Closed fsvbach closed 2 years ago
Thanks for reporting the issue. I think this is definitely something that should work, although technically, it's currently unsupported. Perhaps the latest release broke this behaviour.
Hi Pavlin,
Thanks, with the newest version 0.6.0 the above example works now. What do you think caused the behaviour?
UPDATE: The bug is not fixed. I just forgot the comment out the line "df = df.to_numpy()"...

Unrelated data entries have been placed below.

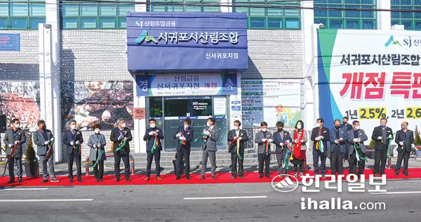 서귀포시산림조합(조합장 오형욱)은 산림금융 신서귀포지점 개점을 기념하기 위해 지난 20일 김태엽 서귀포시장 등을 비롯해 임원·대의원 등 관계자들이 참석한 가운데 개점식 및 나무 나눠주기 행사를 개최했다.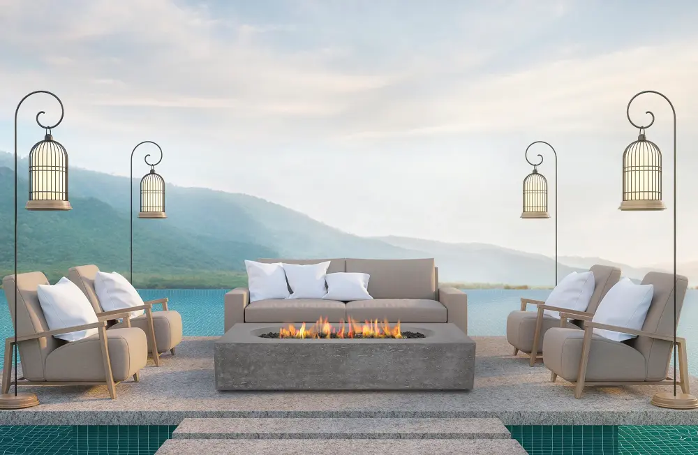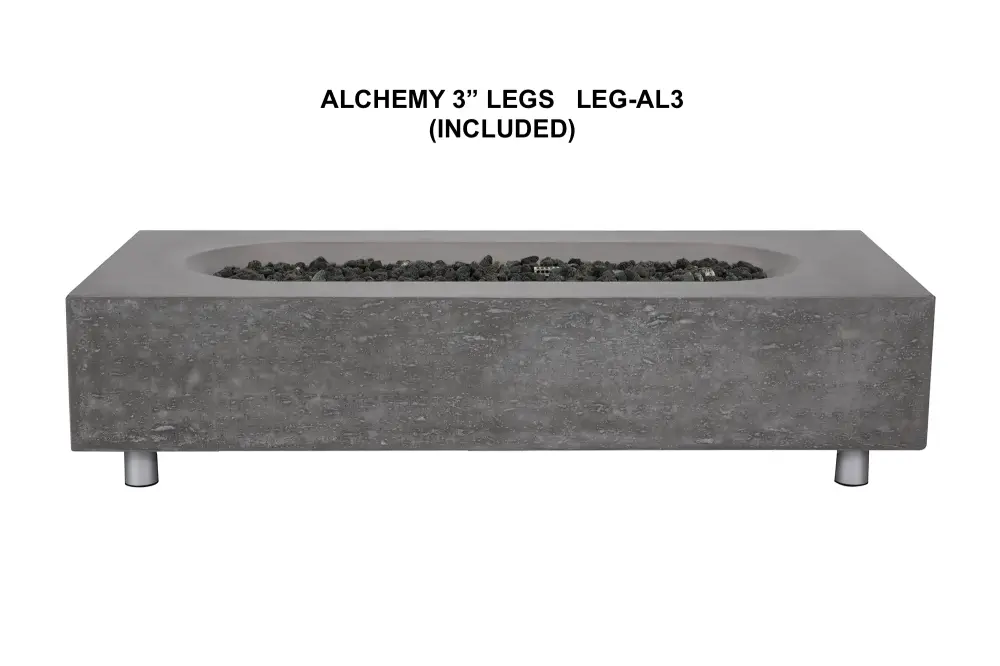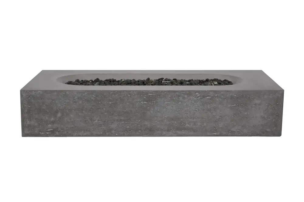 Cozy up around the PyroMania Fire Alchemy Rectangle Concrete Fire Pit Table to enjoy a warm and inviting ambiance with friends and family. Relax in full comfort knowing your stainless steel burner is CSA Certified for safety. This table is perfect for those cool evenings outdoors. Its fashionable design makes this fire pit table a terrific addition to any patio or deck. Bring on the heat and the fun with PyroMania! Relish a heat output of up to 50,000 BTUs during the crisp, cool nights and decorate the trough-styled burn area with the Bali beach lava rock as it hides the burner out of sight. Using the push button spark ignition with the control panel, adjust your desired ambiance by increasing the flame’s height to the high setting or turning it down to the low setting for a more intimate mood.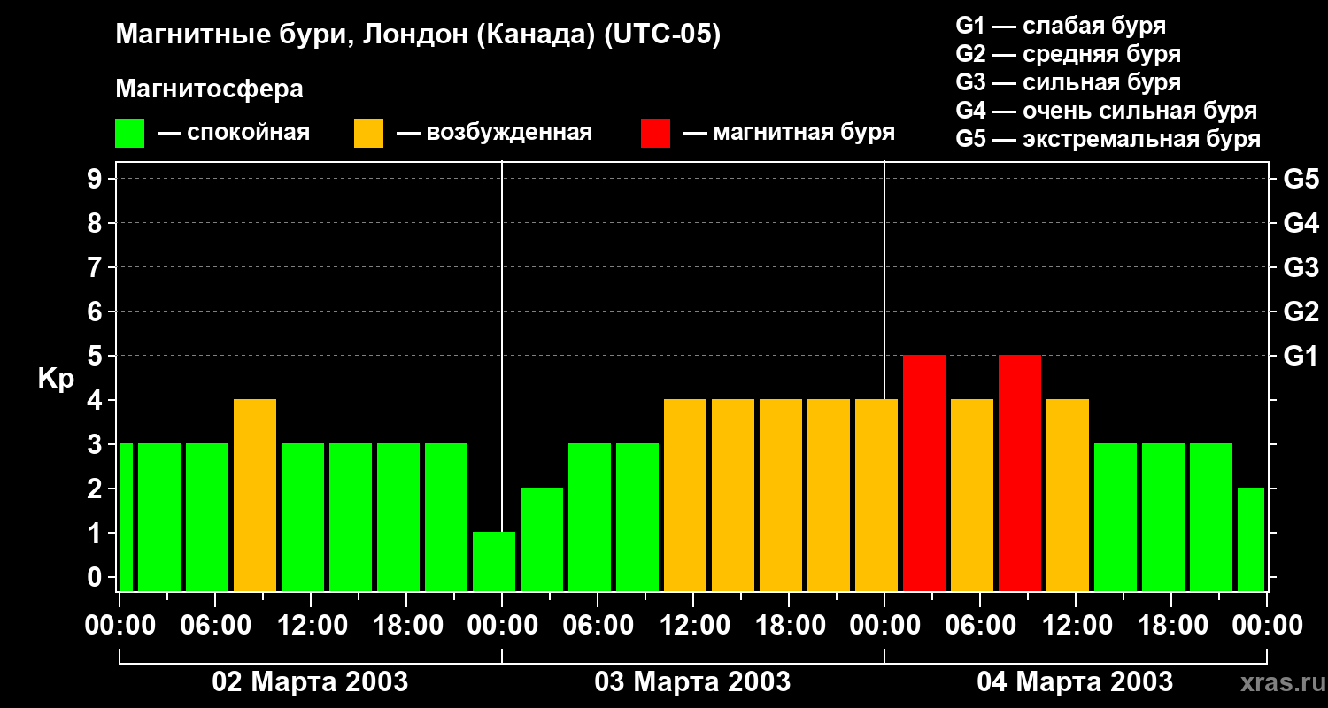 Магнитные бури Лондоне (Канада) — 4 марта 2003 года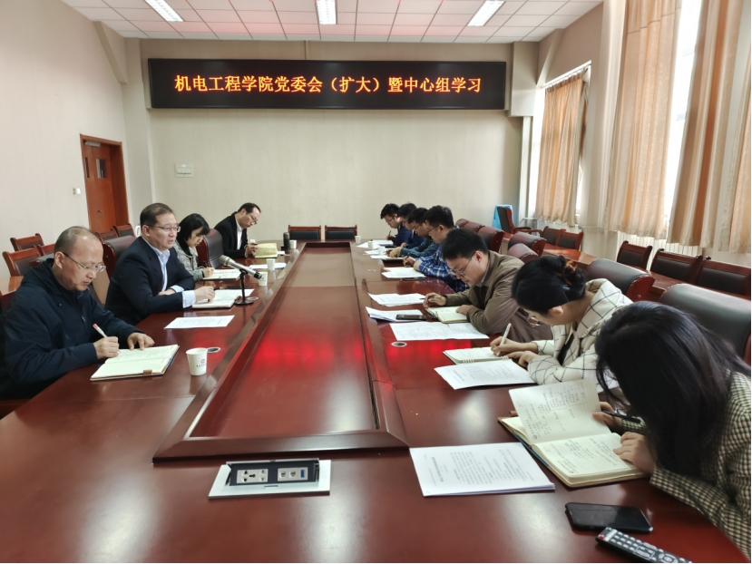 4月14日上午,Beat365官方网站党委在机电楼518会议室召开学院党委理论学习中心组(扩大)学习会传达学习贯彻习近平新时代中国特色社会主义思想主题教育动员部署会精神。学院党委理论学习中心组成员、党支部书记及部分专职辅导员参加会议,会议由学院党委书记任允晓主持。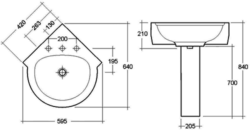 4 Piece corner bathroom suite with 1 tap hole basin.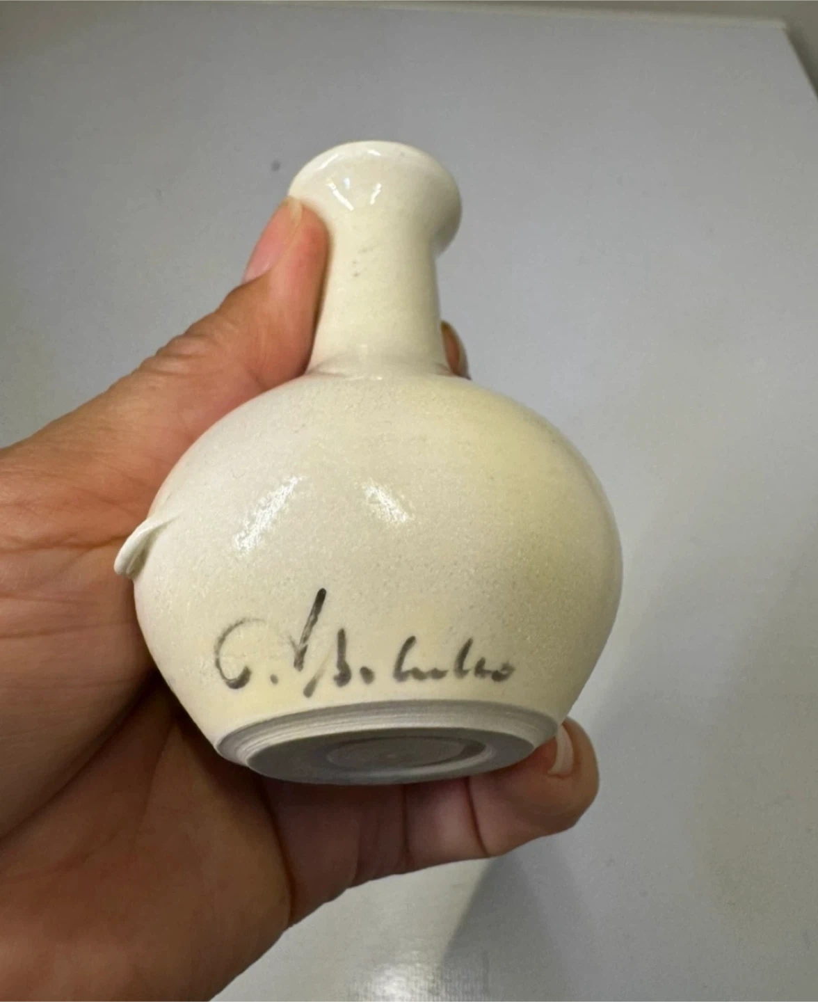 1000+unique handmade ceramic vase! It has a lovely rounded shape and a narrow neck. The vase features a signature on the bottom and a beautiful glaze design. Perfect for adding a touch of artistry to your home decor Pick up near Lawrence and Keele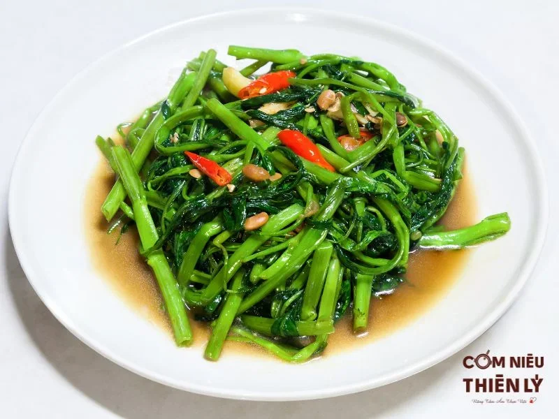 Rau Muong, or water spinach, is frequently stir-fried with garlic and is one of the most popular vegetable dishes in Vietnam. Its popularity stems from its versatility and nutritional value, often enjoyed as a side dish with richer meals.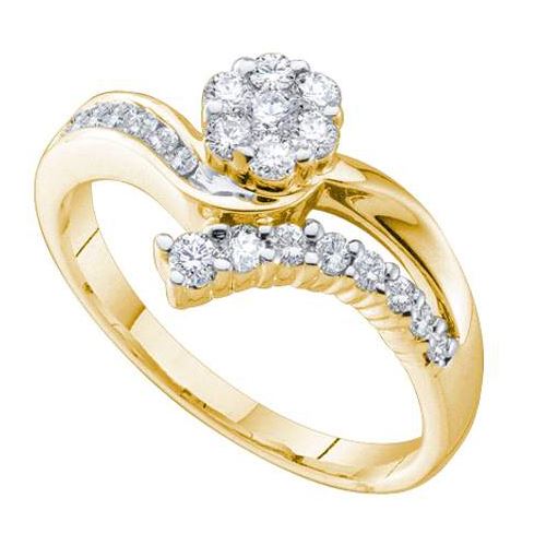 REF-52R4H ---- 0.50CT Diamond Flower 14KT Ring Yellow Gold - SKU: GD 39436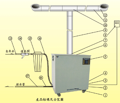 1)加濕機(jī)主機(jī) 2)電源線插座(AC220V) 3)濕度傳感器插座(四芯航空插座) 4)保險(xiǎn)絲座 5)控制面板 6)主機(jī)頂蓋 7)噴霧口 8)濕度傳感器 9)氣道管(PVC管,長度小于3米,自備) 10)三通(PVC,自備) 11)氣道管(PVC,長度小于7米,自備) 12)彎頭(PVC,自備) 13)供水管(4分,自備) 14)進(jìn)水閥(4分,自備) 15)水質(zhì)過濾器(10寸,10U) 16)進(jìn)水軟管(4分,自備) 17)排水管(6分,自備) 18)排水軟管(6分,自備) |

Oh, so, in the newest release, this works? And it didn't work in earlier versions? If that's the case, we can close this issue, since we (inadvertently) fixed this. I have no idea what caused this issue, but then again, I don't think I've ever used openTSNE with pandas directly. It would be a good idea to add a test for this actually.
@fsvbach Can you maybe post the exact error you received before? You should see a specific line that used to trigger the error.
This is the error message I get:
Traceback (most recent call last): File "/home/fsvbach/miniconda3/lib/python3.8/site-packages/pandas/core/indexes/base.py", line 3080, in get_loc return self._engine.get_loc(casted_key)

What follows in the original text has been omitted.